A Nunes spokesman, Jack Langer, also told the Los Angeles Times that it wasn’t a White House staffer, the Times reported.

And Nunes again appeared to deny meeting with any White House aides in a Monday afternoon interview with CNN’s Wolf Blitzer:

“BLITZER: In addition going to that secure room to look over these documents, do you have other meetings at the White House? Did you meet with the president or any of his aides while you were there that night?

“NUNES: No. And in fact, I’m quite sure that people in the West Wing had no idea I was there.”

It wasn’t just Nunes’ team. White House press secretary Sean Spicer, who hasn’t detailed Nunes’s visit to the White House last week, cited Nunes’ comments to Bloomberg on Monday. “He has said, from my understanding on the record, that he did not meet with White House staff,” Spicer said.

And Spicer last week suggested strongly that he doubted it was the White House that provided the information.

“I don’t know why he would brief the speaker, then come down here to brief us on something that we would’ve briefed him on,” Spicer said. “It doesn’t really seem to make a ton of sense. So, I’m not aware of it. But it doesn’t really pass the smell test.”

Nunes hasn’t said much about his sourcing, but he has certainly suggested the only reason that he was on the White House grounds is because the information happened to be there and that it wasn’t something that was fed to him by parties interested in confirming Trump’s evidence-free claim that he was under surveillance during the 2016 election. The Times’ report seriously calls that into question.

We can perhaps expect Nunes to quibble with the definition of a “White House staffer” or what constitutes “any of [Trump’s] aides.” Maybe he’ll argue that the National Security Council is a separate entity. But Ellis works in the White House counsel’s office, so he’s clearly a White House staffer and an aide to the president. And if he and/or Cohen-Watnick played any role in providing information to Nunes, the denials above would be highly misleading, at best.

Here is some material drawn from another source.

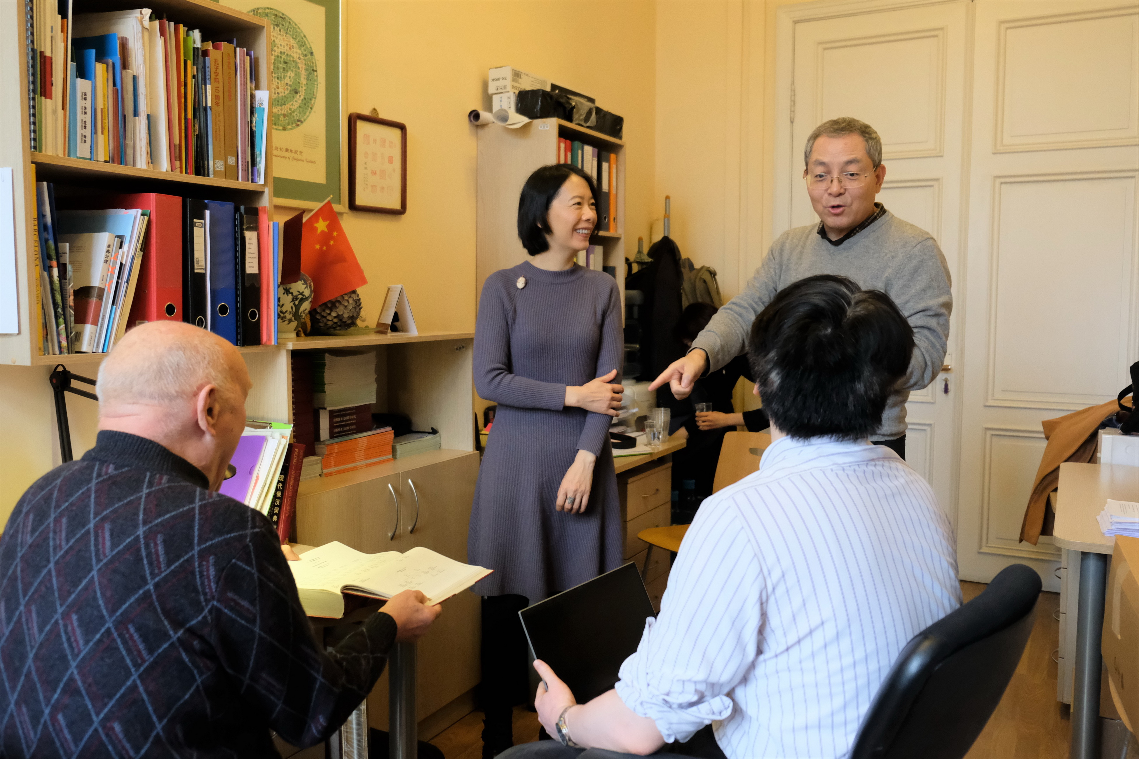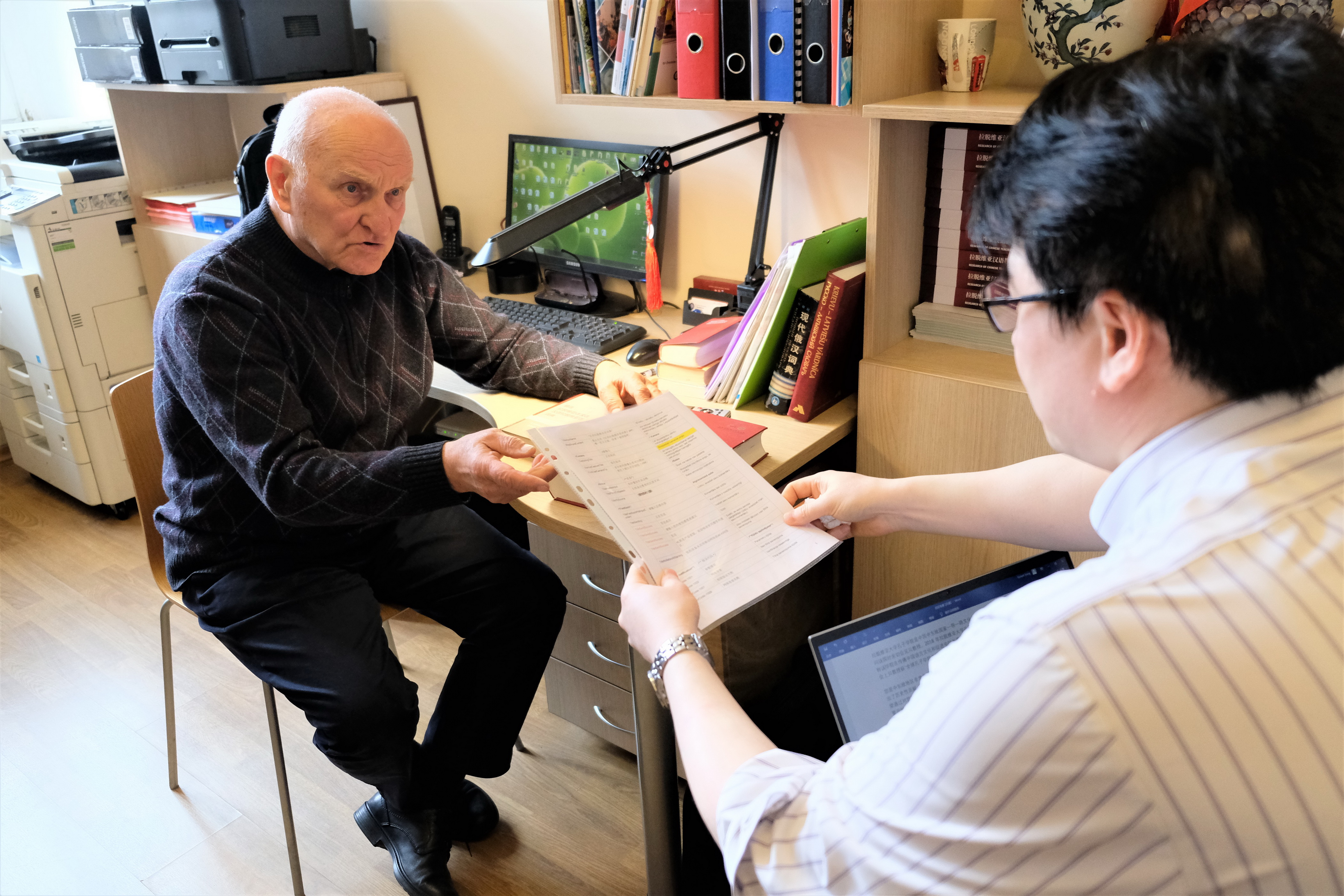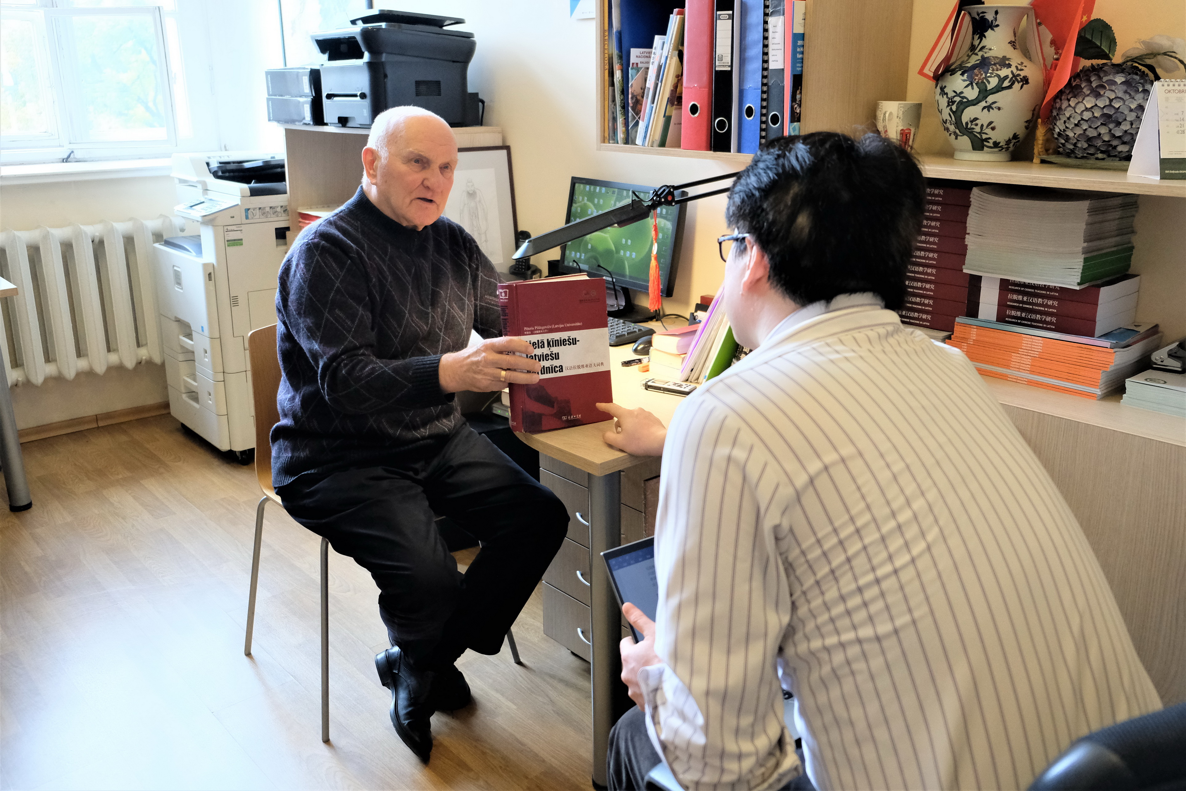 采访最后,贝教授向记者展示了其历时八年编纂成的《汉语—拉脱维亚语大词典》和历时6年编纂成的《精选拉脱维亚语汉语-汉语拉脱维亚语词典》以及即将出版发行的《我的中国故事》手稿。贝教授所展现出的对中国的热情和对汉语的热爱,以及为汉学研究的推广和中拉友谊的建设做出的贡献令二位记者十分钦佩和感动。此次采访圆满结束。

Spicer declined to comment on the Times report Thursday afternoon, saying he didn’t want to lend credence to any of its details.

Langer took the same line in response to my questions to him: “As he’s stated many times, Chairman Nunes will not confirm or deny speculation about his source’s identity, and he will not respond to speculation from anonymous sources.”

The Times’ report will make that line much more difficult to hold.